A surpresa para os pesquisadores não foi apenas a existência desses blocos, mas a velocidade, do ponto de vista geológico, com que giraram. Um bloco localizado na Cordilheira Bética central, por exemplo, girou até 53 graus em nove milhões de anos. “Isso significa que estamos falando de quase seis graus a cada milhão de anos. Para a maioria das pessoas isso parece muito pouco, mas em termos geológicos é uma barbaridade”, explica Crespo-Blanc.

A surpresa para os pesquisadores não foi apenas a existência desses blocos, mas a velocidade, do ponto de vista geológico, com que giraram

Entre as placas da África e da Ibéria, que permanecem em constante aproximação, estão as cordilheiras das áreas béticas e o Sistema de Rift. Por meio da colisão dos dois continentes haviam sido criadas muito tempo antes várias cadeias de montanhas que formam o que os geólogos chamam de sistema do arco de Gibraltar. “E é dentro desse sistema onde encontramos esses grandes blocos que giram”, explica a geóloga. Foi precisamente essa rotação dos blocos o que provocou, há seis milhões de anos, o fechamento da ligação Atlântico-Mediterrânico e a posterior abertura do Estreito de Gibraltar.

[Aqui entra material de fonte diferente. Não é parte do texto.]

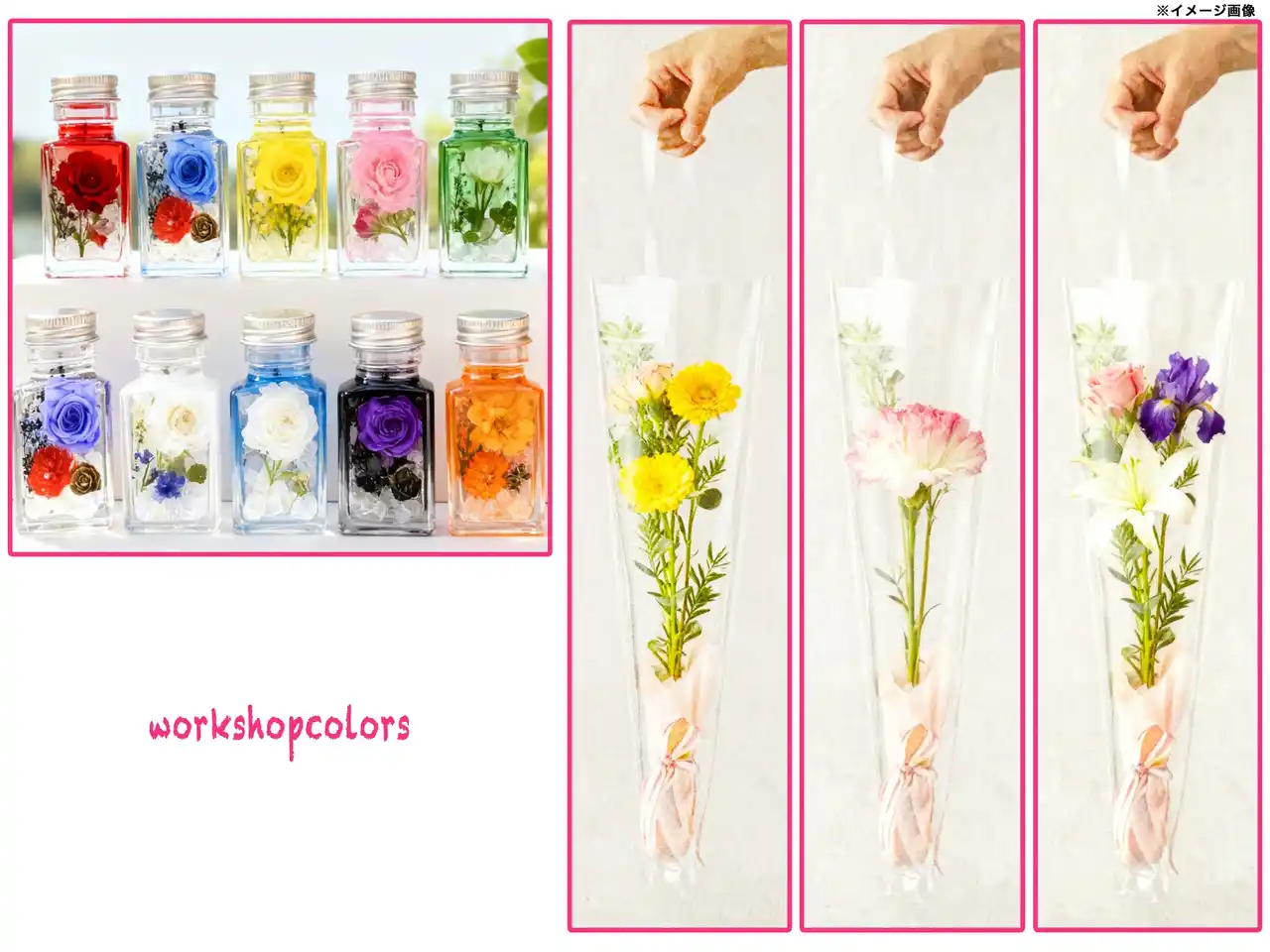 「フラワーロス」問題の解決に貢献。好きなお花をフラワーブーケバッグに入れて、世界に一つだけの花束を作ったり、推しの色のプリザーブドフラワーやドライフラワーをチョイスして、オイルと一緒に瓶に閉じ込めるインテリア雑貨「推し色フラワーボトル」をご用意。 |

“Há seis milhões de anos, chegou um momento em que a África seguiu esse movimento para o noroeste, de modo que foi surgindo um relevo grande o suficiente para impedir a ligação entre o Atlântico e o Mediterrâneo e por isso fecharam-se ambos os corredores que conectavam os dois mares”, conta Crespo-Blanc. Naquela época, a água que chegava ao mar proveniente dos grandes rios que desembocam no Mediterrâneo, como o Ródano, o Ebro, o Nilo ou o Danúbio não era suficiente para compensar a evaporação, de modo que o nível do mar caiu para entre 1.500 e 1.700 metros abaixo do Atlântico. A alta concentração de sal que se deu na água acarretou o depósito de grandes quantidades de sais no fundo do mar em torno dos limites do Mediterrâneo. Alguns deles estão associados com as minas de estrôncio, como as de Montevives, em Granada.

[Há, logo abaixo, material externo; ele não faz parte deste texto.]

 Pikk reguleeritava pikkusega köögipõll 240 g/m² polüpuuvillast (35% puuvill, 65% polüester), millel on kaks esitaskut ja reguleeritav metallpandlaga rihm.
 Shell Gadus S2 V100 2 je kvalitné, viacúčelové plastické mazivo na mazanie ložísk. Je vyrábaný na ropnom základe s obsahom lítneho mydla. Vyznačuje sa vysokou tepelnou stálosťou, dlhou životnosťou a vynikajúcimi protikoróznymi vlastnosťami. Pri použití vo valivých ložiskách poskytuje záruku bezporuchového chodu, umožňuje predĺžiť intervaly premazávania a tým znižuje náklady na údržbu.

A água que chegava ao mar proveniente dos grandes rios que desembocam no Mediterrâneo, como o Ródano, o Ebro, o Nilo ou o Danúbio não era suficiente para compensar a evaporação

A reconstrução feita pelos geólogos não é importante apenas para conhecer as causas do fechamento do Mediterrâneo, mas também para entender como surgiram essas minas de estrôncio, mineral muito importante na fabricação de produtos tecnológicos e assim poder proteger as reservas do mineral. A pesquisa também pode servir para estudar a evolução das falhas ativas que provocam terremotos. “E para saber como se formou o arco da Calábria, na Itália, que é muito semelhante ao de Gibraltar”, diz Crespo-Blanc. A pesquisa foi uma colaboração de mais de três anos entre as Universidades de Granada e Pablo de Olavide e o Instituto Andaluz de Ciências da Terra.